Used-Car Market Weighs on Earnings
Hertz said that while fleet size, revenue, revenue per rental day, and rental days are expected to meet or slightly exceed its earlier projections, the used-car segment has become a significant drag. After posting gains in April, May saw a reversal, with losses from vehicle sales now on track to push net depreciation per unit per month to approximately $300. This metric reflects the monthly value decline of each rental car, adjusted for any gains or losses on sales.
The company now anticipates adjusted corporate EBITDA in the range of $50 million to $80 million for the second quarter. These figures are preliminary, unaudited, and subject to change as the quarter concludes. Adjusted corporate EBITDA excludes interest, taxes, depreciation, amortization, and other adjustments.
Capital Raise and Note Offering
To shore up its finances, Hertz announced that its subsidiary, Hertz Corp., plans to issue $300 million in exchangeable senior first-lien secured PIK (payment-in-kind) notes due 2030. PIK notes allow the issuer to pay interest by increasing the principal amount owed, rather than making cash payments. Proceeds from the offering may be used for general corporate purposes, including potential debt repayment.
Additionally, Hertz is launching a $100 million common stock offering through a share-lending arrangement with J.P. Morgan Securities. Under this deal, Hertz will lend shares to J.P. Morgan, which will then sell them to investors. Hertz will receive only a nominal lending fee, while J.P. Morgan or its affiliates will retain the proceeds. The borrowed shares may be sold short by note investors to hedge their positions.

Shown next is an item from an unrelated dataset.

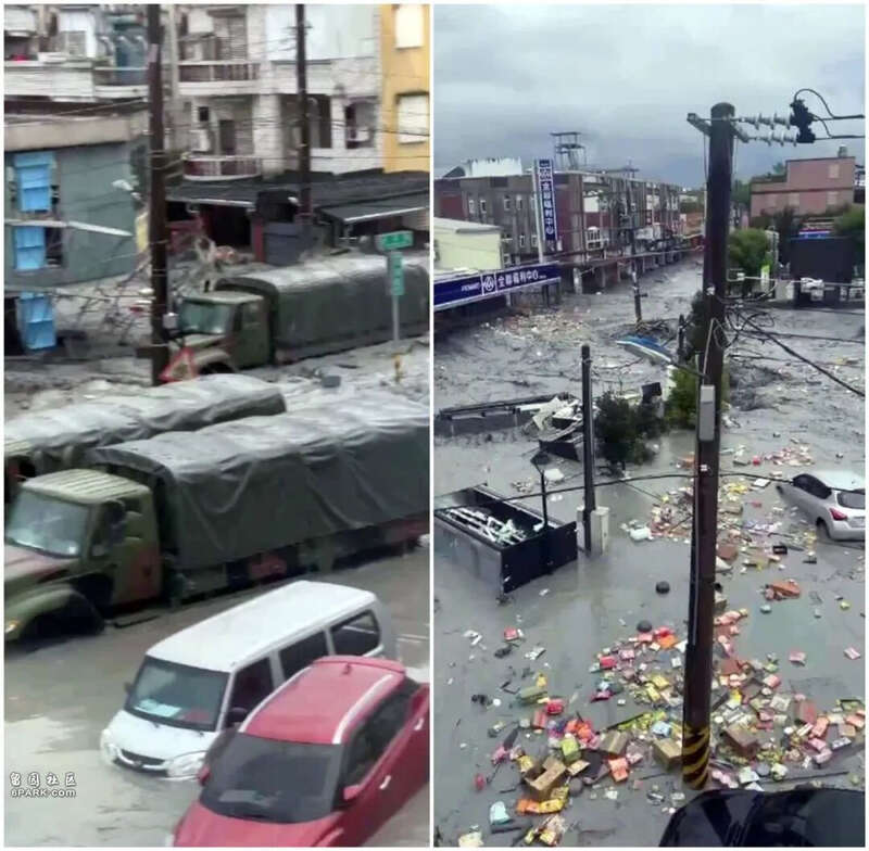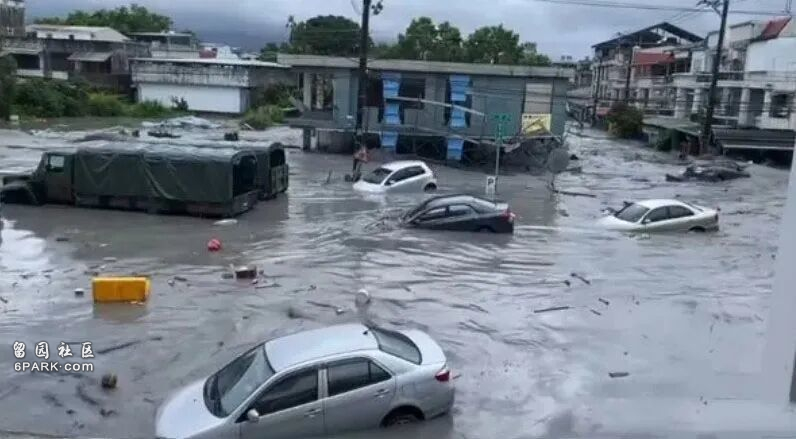 现场画面令人窒息:浑浊的泥流灌入街道,水深一度高达数米,一层楼高的民宅被完全夷平;大量汽车被卷走漂浮,甚至包括多辆用于救灾的台军军用卡车;

Market Context and Industry Impact
The broader used-car market remains volatile. According to Cox Automotive, the Manheim Used Vehicle Value Index for mid-June showed a 0.6% seasonally adjusted increase from May, but unadjusted wholesale prices fell 0.8%. “Manheim values continue their normal pattern of declining at this time of year,” noted Jeremy Robb, chief economist at Cox Automotive.
Hertz’s warning also weighed on rival Avis Budget Group (NASDAQ: CAR), whose shares dropped 4.1% to $182.59. The rental-car sector has been grappling with fluctuating vehicle values and changing consumer demand patterns.

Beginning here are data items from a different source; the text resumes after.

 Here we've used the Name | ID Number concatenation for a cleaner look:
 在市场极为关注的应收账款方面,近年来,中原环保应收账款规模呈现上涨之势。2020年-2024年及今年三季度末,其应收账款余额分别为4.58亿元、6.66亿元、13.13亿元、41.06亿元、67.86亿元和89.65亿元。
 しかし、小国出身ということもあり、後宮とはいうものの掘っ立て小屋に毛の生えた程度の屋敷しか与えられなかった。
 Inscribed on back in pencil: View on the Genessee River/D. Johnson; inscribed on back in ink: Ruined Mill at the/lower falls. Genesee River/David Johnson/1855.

Hertz reported first-quarter revenue of $2.0 billion in May, an 11% year-over-year gain, while its net loss narrowed to $333 million from $443 million a year earlier. CEO Gil West at the time highlighted “meaningful progress across revenue, asset efficiency, and unit economics.” However, the second-quarter outlook suggests headwinds persist.
Outlook and Risks
With the quarter not yet closed, Hertz cautioned that continued softness in used-car values could further pressure depreciation and cash flow through the summer. Conversely, a rebound in vehicle prices could mitigate the impact on core profitability. Investors will be closely watching for any updates as the company finalizes its second-quarter results.